But the latest energy shock is unfolding against a very different economic backdrop from that of 2022, when Russia’s full-scale invasion of Ukraine sent gas prices to much higher levels.

Weak growth, rising unemployment and tightening fiscal policy could make it much harder for businesses to pass higher energy costs on to consumers — and easier for them to resist demands from workers for higher wages.

Line chart of Expected BoE policy rate, derived from futures curve (%)  showing Market expectatons for BoE interest rates have changed since the Iran strike

Dani Stoilova, economist at BNP Paribas, argued this weaker starting point meant there would be “a high bar for rate hikes, even if energy prices rise steeply”. Rate increases were only likely if inflation expectations drifted higher, the jobs market steadied or the government stepped in with “meaningful” fiscal support to cushion households from the shock.

The stagflationary effects of high energy prices are also likely to weaken GDP growth further by eroding households’ spending power and because the shift in market expectations for rates has already made mortgages more expensive.

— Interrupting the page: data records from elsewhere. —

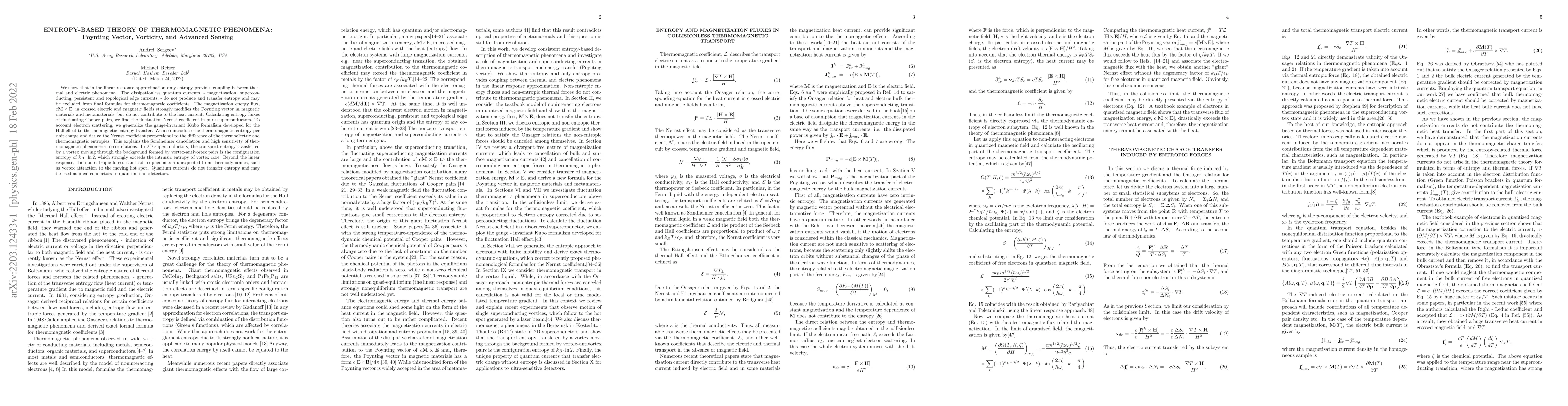 We show that in the linear response approximation only entropy provides coupling between thermal and electric phenomena. The dissipationless quantum currents -- magnetization, superconducting, persistent and topological edge currents -- do not produce and transfer entropy and may be excluded from final formulas for thermomagnetic coefficients. The magnetization energy flux, eM X E, in crossed electric and magnetic fields strongly modifies the Poynting vector in magnetic materials and metamaterials, but do not contribute to the heat current. Calculating entropy fluxes of fluctuating Cooper pairs, we find the fluctuation Nernst coefficient in pure superconductors. To account electron scattering, we generalize the gauge-invariant Kubo formalism developed for the Hall effect to thermomagnetic entropy transfer. We also introduce the thermomagnetic entropy per unit charge and derive the Nernst coefficient proportional to the difference of the thermoelectric and thermomagnetic entropies. This explains the Sondheimer cancellation and high sensitivity of thermomagnetic phenomena to correlations. In 2D superconductors, the transport entropy transferred by a vortex moving through the background formed by vortex-antivortex pairs is the configuration entropy of kB ln 2, which strongly exceeds the intrinsic entropy of vortex core. Beyond the linear response, the non-entropic forces can lead to phenomena unexpected from thermodynamics, such as vortex attraction to the moving hot spot. Quantum currents do not transfer entropy and may be used as ideal connectors to quantum nanodetectors.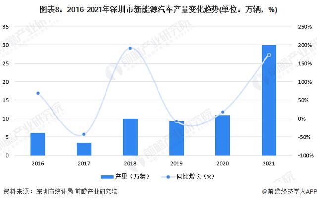 近年來,深圳市新能源汽車產業(yè)發(fā)展迅猛。2018-2020年,深圳市新能源汽車產量維持在9萬輛/年以上,2020年突破了10萬輛;2021年,深圳市新能源汽車產量逼近30萬輛,同比增長174%;同時,在新能源汽車的有效推廣下,全市公交出租均已實現(xiàn)電動化,2021年全市新能源汽車銷量14.48萬輛,占當年汽車銷量比重超40%。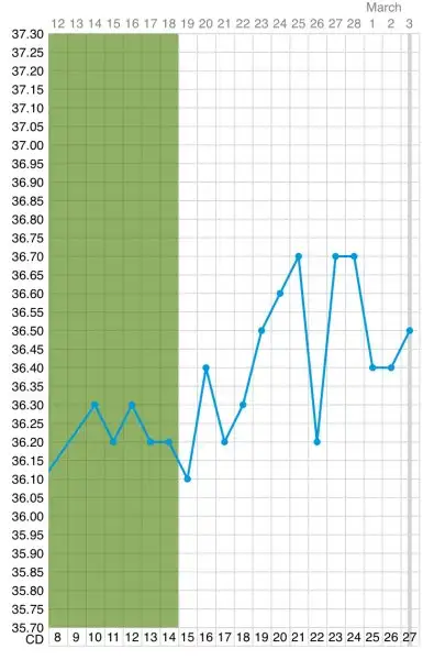 Geçmiş bilgilerini bilmiyoruz.döngün kaç gün genelde?hiç akıntı,ovü testi falan yok mu?ayrıca her gün aynı saatte ölçtün mü?Bıgün test yaptım canım ama negatif gösterdi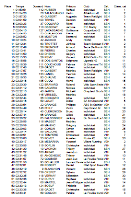 Voilà, j'ai fini, même si la dernière bosse a été faite en marchant, comme beaucoup. Globalement content de cette course. Je manque encore de confiance dans les descentes. Surtout qu'il y a eu de nombreuses descentes dans des sentiers recouverts de feuilles mortes avec de grosses pierres roulantes juste en dessous. Dangereux pour les chevilles et les genoux !!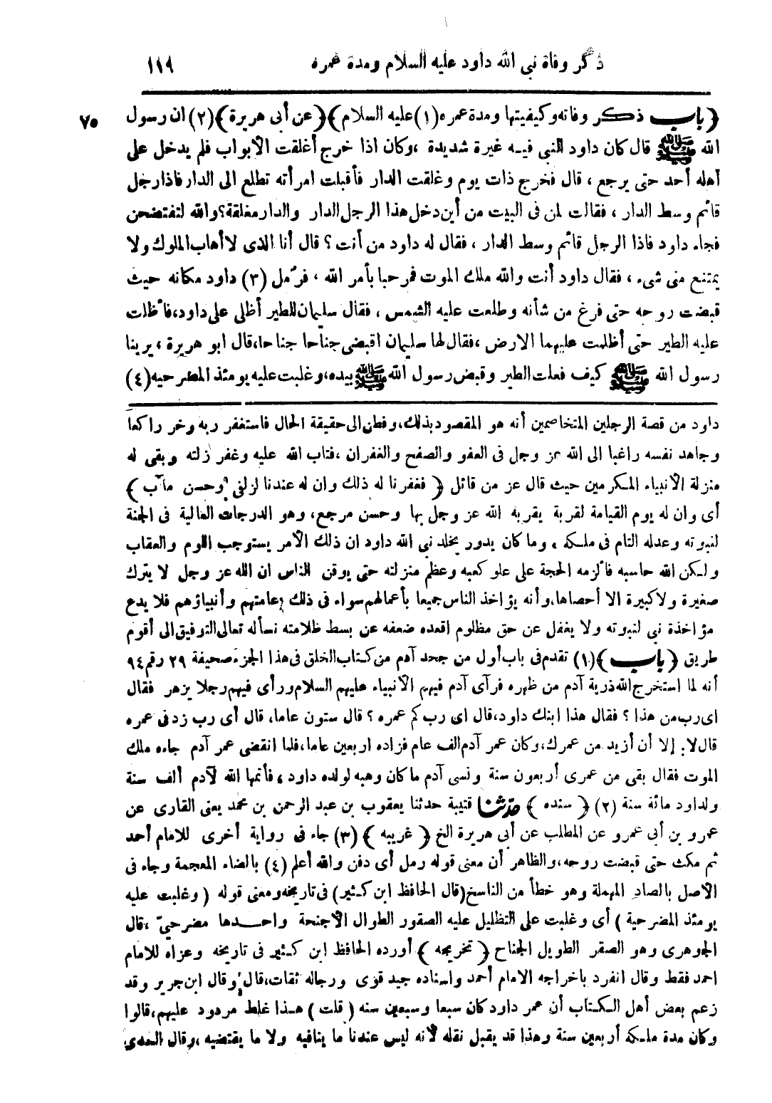 داود من قصة الرجلين المتخاصمين أنه هو المقصود بذلك، وفطن الى حقيقة الحال فاستغفر ربه وخر راكعا وجاهد نفسه راغبا الى الله عز وجل فى العفو والصفح والغفران، فتاب الله عليه وغفر زلته وبقى له منزلة الأنبياء المكرمين حيث قال عز من قائل (فغفرنا له ذلك وان له عندنا لزلفى وحسن مآب) أى وان له يوم القيامة لقربة يقربه الله عز وجل بها وحسن مرجع، وهو الدرجات العالية فى الجنة لنبوته وعدله التام فى ملكه، وما كان يدور يخلد نبى الله داود أن ذلك الأمر يستوجب اللوم والعقاب ولكن الله حاسبه فألزمه الحجة على علو كعبه وعظم منزلته حتى يوقن الناس ان الله عز وجل لا يترك صغيرة ولا كبيرة ألا أحصاها، وأنه يؤاخذ الناس جميعا بأعمالهم سواء فى ذلك زعامتهم وأنبياؤهم فلا يدع مؤاخذة نبى لنبوته ولا يغفل عن حق مظلوم أقعده ضعفه عن بسط ظلامته نسأله تعالى التوفيق الى أقوم طريق (باب) (1) تقدم فى باب أول من جحد آدم من كتاب الخلق فى هذا الجزء صحيفة 29 رقم 94 أنه لما استخرج الله ذرية آدم من ظهره فرآى آدم فيهم الأنبياء عليهم السلام ورأى فيهم رجلا يزهر فقال اى رب من هذا؟ فقال هذا؟ فقال هذا ابنك داود، قال أى رب كم عمره؟ قال ستون عاما، قال أى رب زد فى عمره قال لا: إلا أن أزيد من عمرك، وكان عمر آدم ألف عام فزاده أربعين عاما، فلما إنقضى عمر آدم جاءه ملك الموت فقال بقى من عمرى أربعون سنة ونسى آدم ما كان وهبه لولده داود، فأتمها الله لآدم ألف سنة ولداود مائة سنة (2) (سنده) حدثنا قتيبة حدثنا يعقوب بن عبد الرحمن بن محمد يعنى القارى عن عمرو بن أبى عمرو عن المطلب عن أبى هريرة الخ (غريبه) (3) جاء فى رواية أخرى للامام أحمد ثم مكث حتى قبضت روحه، والظاهر أن معنى قوله رمل أى دفن والله أعلم (4) بالضاد المعجمة وجاء فى الأصل بالصاد المهملة وهو خطأ من الناسخ (قال الحافظ ابن كثير) فى تاريخه ومعنى قوله (وغلبت عليه يومئذ المضر حية) أى وغلبت على التظليل عليه الصقور الطوال الأجنحة وأحدها مضر حيّ، قال الجوهرى وهو الصقر الطويل الجناح (تخريجه) أورده الحافظ ابن كثير فى تاريخه وعزاه للامام احمد فقط وقال انفرد باخراجه الامام أحمد واسناده جيد قوى ورجاله ثقات، قال وقال ابن جرير وقد زعم بعض أهل الكتاب أن عمر داود كان سبعا وسبعين سنه (قلت) هذا غلط مردود عليهم، قالوا وكان مدة ملكه أربعين سنة وهذا قد يقبل نقله لأنه ليس عندنا ما ينافيه ولا ما يقتضيه، وقال السعدى

The immediate task for the MPC, Wood argued, was to keep its options open. But in April, its members would need to be “braver” in using scenarios to explain what they saw as the least risky course of action.

“We have no idea how to attach probabilities to these scenarios because they depend on what Donald Trump does tomorrow,” Wood said. “So what is the most robust policy I can choose — if I cut and the shock is permanent or if I hike and the shock goes away?”

He added: “You’ve got to have the courage to say what it means.”